The public parks of Wandsworth, their history and amenities

Wandsworth is one of the greenest boroughs of London. The territory of Wandsworth contains some of the best public parks and open green spaces in the capital at the present moment, namely:


  • Wandsworth Common

  • Battersea Park

  • Tooting Commons

Battersea Park, coming at a total territory of 83 hectares is the largest open green space in the borough at the present moment. As one can easily guess from its name, the park is right next to the residential and commercial district of Battersea and represents one of the best amenities in the area. One of the really cool things about the park is the fact that it is situated right on the River Thames, on its south bank. Straight on the other side of the river is Chelsea.

In the past the land that is now Battersea Park was occupied by extensive marshlands that were taken from the Thames when the work on the facility began in the middle of the 19th century. Before the completion of the construction, it was frequently used for market place. Furthermore, Battersea Fields as the place was then known, was one of the most popular spots for dueling in London. One of the most famous confrontations that took place here was between the Duke of Wellington and the Earl of Winchilsea, who met here on 21 March 1829 in order to settle a matter of honor. The duel is notable for the fact that both participants did not aim at their opponent when the time came for firing their pistols and later lengthy apologies were written from one party to the other and vice versa. It was quite a sensation in the press.

It was in 1845 when the land was purchased by Thomas Cubbit, who owned an estate nearly. Sir James Pennethorne was commissioned to design the Battersea Park and worked there from 1846 to 1864, even though the official opening of Battersea Park was in 1858. Another cool piece of trivia about Battersea Park is that it was host to the first ever football game that was played according to the rules of the Football Association. This happened on 9 January 1864. A few years later Battersea Park became home grounds to the 1872 FA Cup winners, Wanderers F.C. Today Battersea Park houses travelling fairs and exhibitions, the Grade I listed Victorian Tower known as Pump House Gallery, the Peace Pagoda, as well as the Foodie Festivals. Most recently the park went through an extensive and quite expensive regeneration and refurbishment, paid by the Heritage Lottery Fund. We must say that the results are more than visible.

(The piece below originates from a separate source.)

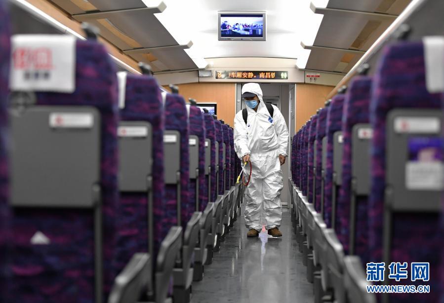 1月27日,工作人员在对动车车厢进行防疫消杀。

Wandsworth Common is the second largest park in the borough, taking up a little less than 70 hectares of the whole territory of Wandsworth. Wandsworth Common is the place to go if you like fishing. One needs a permit to fish in the several artificial ponds that are scattered across the park, but usually there is no problem obtaining one. If the weather is good and you are in the mood to chill for a couple of hours in a pleasant green environment, get your rod, pack a couple of sandwiches and do not hesitate to drop by the Common.

Other notable features that make Wandsworth Common a pretty nice park include the Wandsworth Common Windmill. It is a smock mill that currently holds a Grade II listing. The original purpose of the building, which was erected in 1837, was to drain water from the railway cutting during the construction of the London and Southampton Railway. Actually, one of the ponds was filled namely with the water that the Wandsworth Common Windmill drained – that’s the largest lake at the time that went by the name of Black Sea, dug by one Mr Wilson.  The mill was working for several decades, at least until the 1870s, but then its maintenance was seized, the Black Sea itself was drained and filled in.

At present, in addition to fishing, Wandsworth Common is the place to be in case you like cricket. There are as many as three pitches currently in the park that are actively used in the summer for hosting a variety of games. Then again there is also the Wandsworth Common Tennis & Bowls Centre, where you can sign up for tennis lessons all year round, and it is run by All Star Coaching Ltd for Wandsworth Council. The cool thing is that if you sign up for lessons here you get free membership with the British Tennis Association.

In addition, the residential developments around Wandsworth Common contain some of the most desirable properties on the territory of the borough. They are referred colloquially to as the Toast Rack. 

The last major open green spaces in Wandsworth is Tooting Commons, a large area of green land that is between the districts of  Balham, Streatham and Tooting. Tooting Bec Stadium and Tooting Beck Lido, the second largest swimming pool by surface area in the United Kingdom. Even though on first sight one might be left with the impression that Tooting Commons is an entirely wild area, there are a number of formal avenues of trees here that were planted pretty early on in its history. Some date back even to the reign of Queen Elizabeth in the beginning of the 17th century. The common was one of the first that saw deliberate actions for preservation from the authorities, well into the 19th century. At present Tooting Commons is still a place that stands out among other green areas in the metropolitan parts of London. The varied wildlife that lives here has contributed to the status of the common as a Site of Metropolitan importance for Greater London.

They say that you will recognize a good place to live in by the nice parks it has. Well, if that is the case, Wandsworth is definitely great.